CoreMark performance can be significantly increased by applying compiler optimizations specifically targeting the constructs of the benchmark code. Comparing CoreMark scores between compilers can give an indication of which compiler fares better on CoreMark-like code, but this may or may not improve real-world embedded application performance and even worse, could introduce unwanted code bloat. The code size penalty can be mitigated by using a compact library, such as MicroLib. As always, the best approach is to evaluate compilers of interest on your code, taking into account impact on code size when aggressive performance optimizations are used.

For those who are interested in evaluating the ARM Compiler improvements referenced in this blog, download Keil MDK-ARM v4.70  or ARM DS-5 v5.14 (available March 2013). The release notes provide details on how to use the new optimizations. I encourage you to try it and give me your feedback.

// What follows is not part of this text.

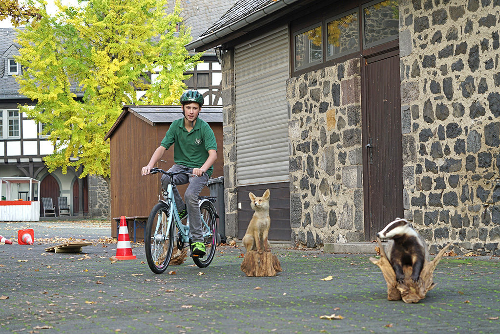 Über einen Fahrrad-Hindernisparcours freuten sich insbesondere die größeren Kinder. Spielerisch konnten sie dabei schon kleinere Wildtierarten wie Fuchs und Hase kennenlernen. Foto: Dr. Nadine Stöveken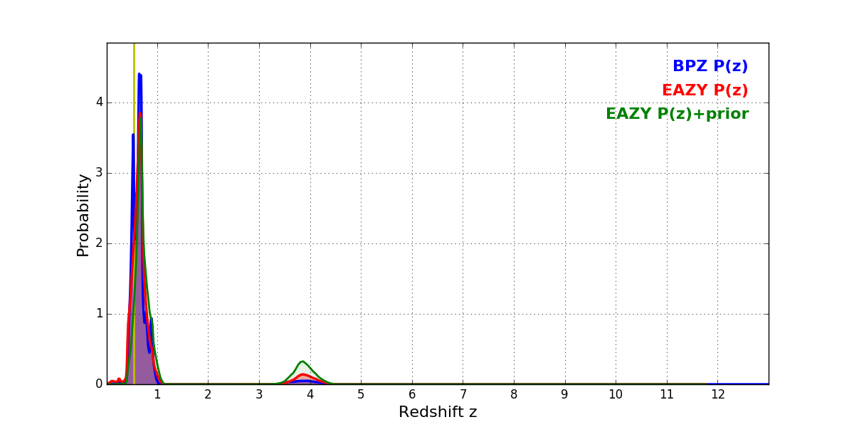 In P(z) plots: Yellow lines mark the cluster redshift z = 0.546,

[1] Idiomatic loops with known constant upper and lower bounds, loops with unknown upper bound, loops containing a small number of C-statements.

[2] Dhrystone can be compromised by the compiler by pre-computing values at compile time or optimizing away timed portions of the code. 

  • I think that would be great. We would first need to standardize on a way to measure code size and what gets included in the measurement (probably a topic for a different blog!).
  • The speedup comparison is at the highest performance level, -O3 –Otime. We didn’t add any fundamentally new technology. The ARM Compiler is used in a very wide range of embedded applications and we have customers that are quite sensitive to code size, even at –O3 –Otime, so we generally take a code size conservative approach. For the CoreMark state machine, we found opportunities to inline code within the switch statements resulting in better performance at the expense of more code. Furthermore, the compiler loop optimizer can apply many levels of unrolling, but we apply conservative heuristics by default to ensure that code size doesn’t bloat. We added an option to let the user trade off code size for performance with regard to loop unrolling.
  • What exactly is the base for the speedup comparison? Optimization for code size? Other?The optimizations described are applicable to these constructs (loops or switch statements) in general, and not particular to the benchmark. Did the compiler have to be enhanced to be able to use tail chaining, loop unrolling, or any other control flow transforms? In other words, is CoreMark pushing the compiler to incorporate new technologies and thus helps applications that require more performance and willing to pay for the increased code size, or did the compiler have these capabilities before, and CoreMark merely helps customers understand the potential benefit and tradeoff with code size?